• chazeon 2 minutes ago

But if you do this, don't you have to enter two passwords each time you wake? One for LUKS, one for the system login?

• kokada an hour ago

While it is certainly an interesting bug, I kinda feel that the title is click bait? Because this `cryptsetup luksSuspend` from what I understood is not really officially supported but an extension done in Debian, so if anything this regression only affected Debian? I am not sure if you can blame the kernel for something that is not supported or even widely tested.

I still find this impressive, and it is nice that we now have a test (NixOSTests BTW are awesome, I agree with OP) to avoid this regression from coming back. But from the title it seems to be a widespread issue, not something that affects only one Distro.

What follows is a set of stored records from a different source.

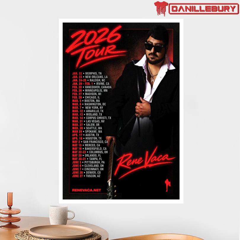 Rene Vaca tour poster, limited edition, music history collectible, 2026 concert memorabilia, vibrant design, artistic flair, high-quality print, music enthusiast gift, collectible poster art, musician merchandise, live performance art, music lover decor, tour memorabilia item, limited edition poster, music artist merchandise, concert tour collectible, music fan gift, exclusive tour poster, collectible music souvenir.
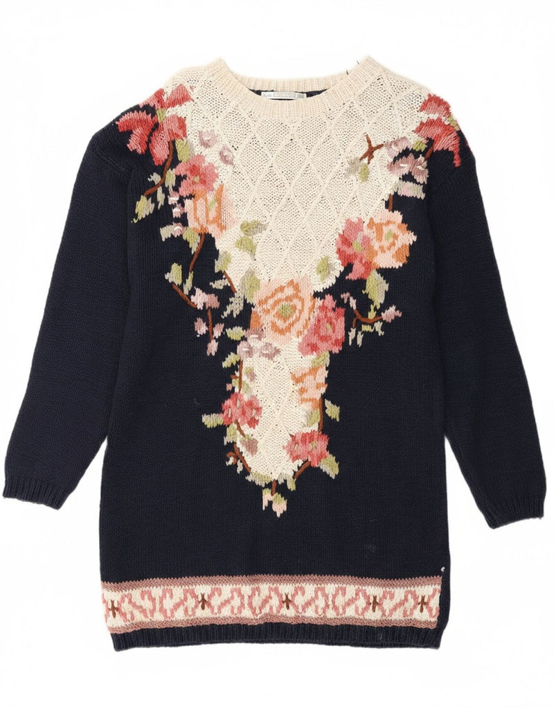 ST. BERNARD Womens Crew Neck Jumper Sweater UK 18/20 XL Navy Blue Floral
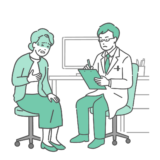 白衣を着用した男性医師が、成人女性の患者に対して「聴診」を行っているイラストです。 患者が服を少しめくり、医師が聴診器(ステート)を胸に当てて心音や呼吸音をチェックしている、一般的な内科診察のシーンを描いています。 風邪やインフルエンザの診察、会社の定期健康診断、あるいは動悸・息切れの相談(循環器内科)など、女性の患者さんが受診するあらゆる内科的シーンの挿絵として最適です。
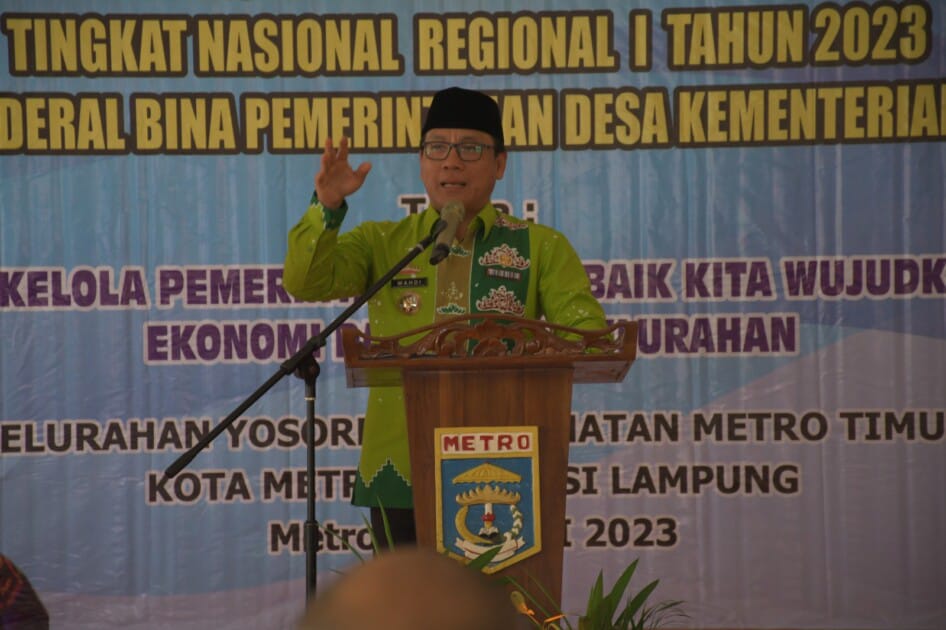 Wali Kota Metro Wahdi dalam sambutannya, mengatakan lomba kelurahan tingkat Nasional tahun 2023 ini adalah amanah lebih dari Permendagri Nomor 81 tahun 2015, tentang lomba kelurahan sebagai evaluasi dan penilaian perkembangan penyelenggaraan pemerintahan, kewilayahan, ke masyarakat yang diselenggarakan secara berjenjang, mulai dari tingkat kecamatan, tingkat kota, tingkat provinsi sampai dengan tingkat nasional.
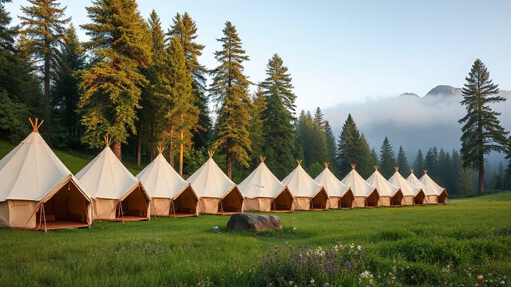 If you’re looking for the best canvas bell tents for camping in 2026, I’ve found some excellent options that combine durability, size, weather resistance, and easy setup. From models with stove jacks for warmth to spacious tents with multiple windows for ventilation, there’s something for everyone. Whether you’re camping solo or with family, these tents deliver comfort and performance across seasons. Stick around to discover the top picks that will elevate your outdoor adventures.
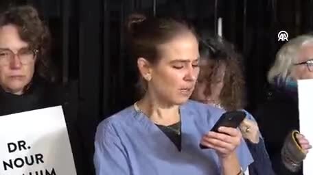 В Великобритании протестующая женщина-врач, читает экстренное сообщение от главы больницы Шафа в Газе перед кабинетом премьер-министра

• IngoBlechschmid an hour ago

Sorry, aimed for a technically precise title and didn't want to bait clicks.

Yes, this does not affect people on stock configurations for the plain reason that they wouldn't expect the volume key to be safe during suspend anyway.

Debian's solution was ported to several (most?) other distributions and I guess quite a few people maintained private ports.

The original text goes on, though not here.